## Input for this task
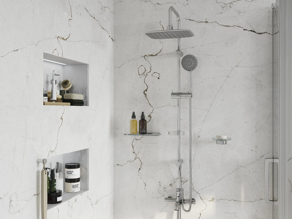 Душевой гарнитур Stworki «Дублин HFDB97000» доставит истинное удовольствие от гигиенических процедур. Верхняя лейка создает эффект тропического дождя — струи равномерно покрывают тело, массируя и тонизируя кожу. С помощью скользящего держателя можно менять высоту однорежимного ручного душа. Для смены потоков предусмотрен поворотный дивертор. Мыло, шампунь или гель для душа всегда будут под рукой благодаря компактной мыльнице
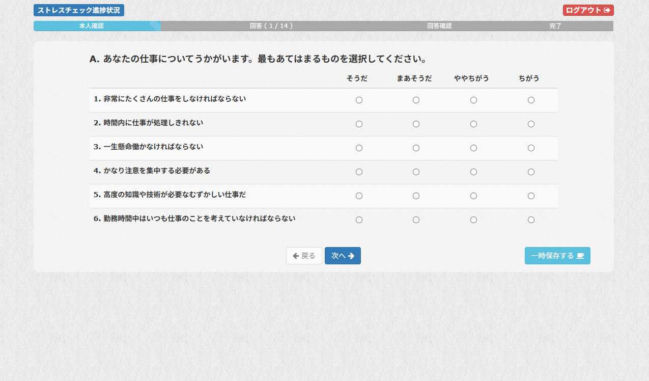 ストレスチェックの受検画面
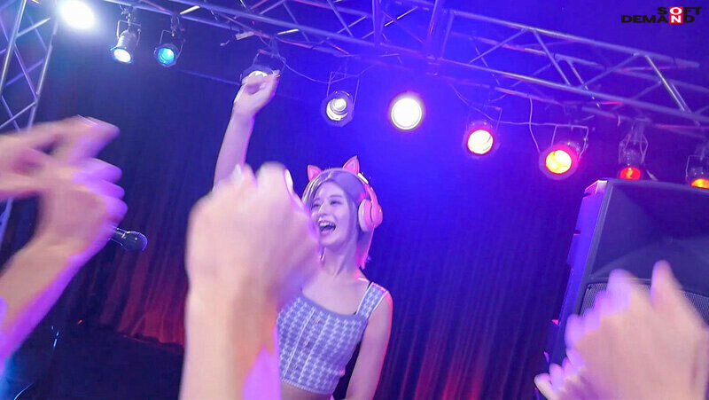 只是我看不太出來就是了。但既然是惡搞DJ SODA,那除了戴上假髮然後模仿她上傳到社群的照片拍幾張劇照外當然在性愛演出上也要有梗,DJ SODA為什麼會SNS(社群)大炎上?因為她在大阪被襲胸嘛,所以拍片的SOD集團就把這段放進片子裡、讓戴著耳機的她在舞台上被大家玩弄爆漿顏射:
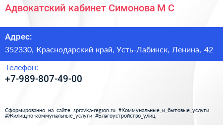 Адвокатский кабинет Симонова М.С. по адресу 352330, Краснодарский край, Усть-Лабинск, Ленина, 42 в дальнейшем Организация, размещена в следующих категориях:
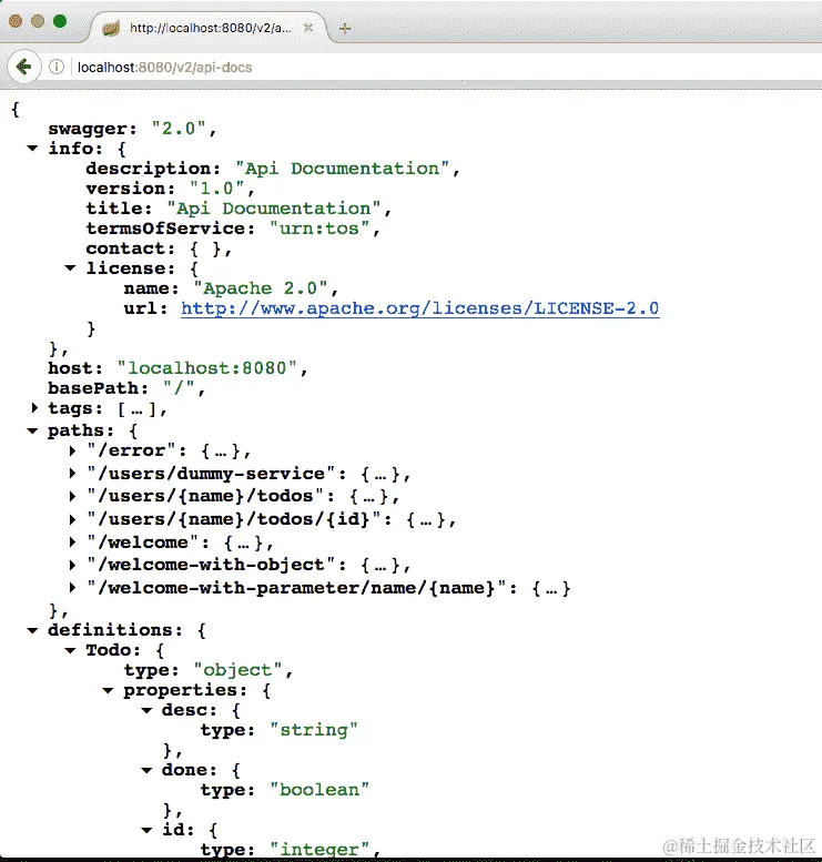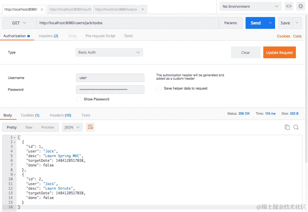 当我们向一个不存在的todo(http://localhost:8080/users/Jack/todos/222)发送一个GET请求时,我们得到了下面代码片段中显示的响应:
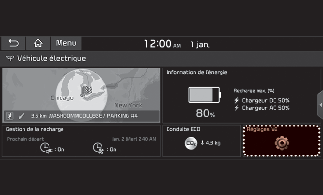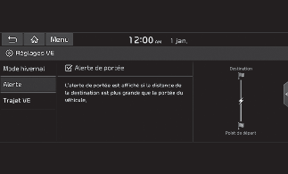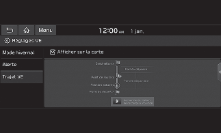 Vous pouvez définir le Mode hiver, l'avertissement et les fonctions d'itinéraire en EV.
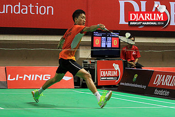 Bagas Kristianto Nugroho (DJARUM KUDUS) mengembalikan shuttlecock ke arahTri Haryanto (EXIST JAKARTA)
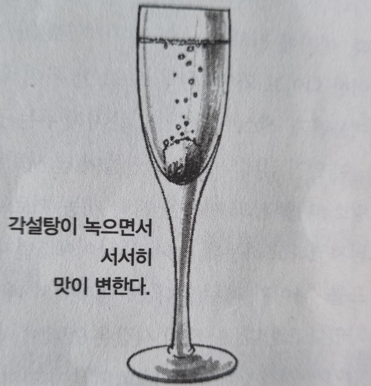 ⓓ각설탕이 녹으면서 서서히 맛이 변합니다.
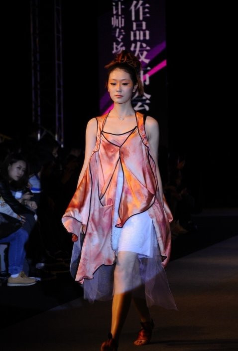 倪明女士的设计特色在于通过手工染色、丝网印、手绘、数码印花等方法,让一块普通的面料呈现出美丽的外观。此次个人秀展既充分发挥了她独一无二的个人优势,又紧紧贴合“海派时尚设计”这一大概念,向观众席吹来了一阵海派之风。作者独特的设计风格和理念不仅展现于“‘绳’飞‘带’舞”这个美丽的名字中,更是在一件件华服中得以诠释。

## Required action
The expected output is each record, copied exactly, and nothing in place of the pictures.

## Solved exercise
 Душевой гарнитур Stworki «Дублин HFDB97000» доставит истинное удовольствие от гигиенических процедур. Верхняя лейка создает эффект тропического дождя — струи равномерно покрывают тело, массируя и тонизируя кожу. С помощью скользящего держателя можно менять высоту однорежимного ручного душа. Для смены потоков предусмотрен поворотный дивертор. Мыло, шампунь или гель для душа всегда будут под рукой благодаря компактной мыльнице
 ストレスチェックの受検画面
 只是我看不太出來就是了。但既然是惡搞DJ SODA,那除了戴上假髮然後模仿她上傳到社群的照片拍幾張劇照外當然在性愛演出上也要有梗,DJ SODA為什麼會SNS(社群)大炎上?因為她在大阪被襲胸嘛,所以拍片的SOD集團就把這段放進片子裡、讓戴著耳機的她在舞台上被大家玩弄爆漿顏射:
 Адвокатский кабинет Симонова М.С. по адресу 352330, Краснодарский край, Усть-Лабинск, Ленина, 42 в дальнейшем Организация, размещена в следующих категориях:
 当我们向一个不存在的todo(http://localhost:8080/users/Jack/todos/222)发送一个GET请求时,我们得到了下面代码片段中显示的响应:
 Vous pouvez définir le Mode hiver, l'avertissement et les fonctions d'itinéraire en EV.
 Bagas Kristianto Nugroho (DJARUM KUDUS) mengembalikan shuttlecock ke arahTri Haryanto (EXIST JAKARTA)
 ⓓ각설탕이 녹으면서 서서히 맛이 변합니다.
 倪明女士的设计特色在于通过手工染色、丝网印、手绘、数码印花等方法,让一块普通的面料呈现出美丽的外观。此次个人秀展既充分发挥了她独一无二的个人优势,又紧紧贴合“海派时尚设计”这一大概念,向观众席吹来了一阵海派之风。作者独特的设计风格和理念不仅展现于“‘绳’飞‘带’舞”这个美丽的名字中,更是在一件件华服中得以诠释。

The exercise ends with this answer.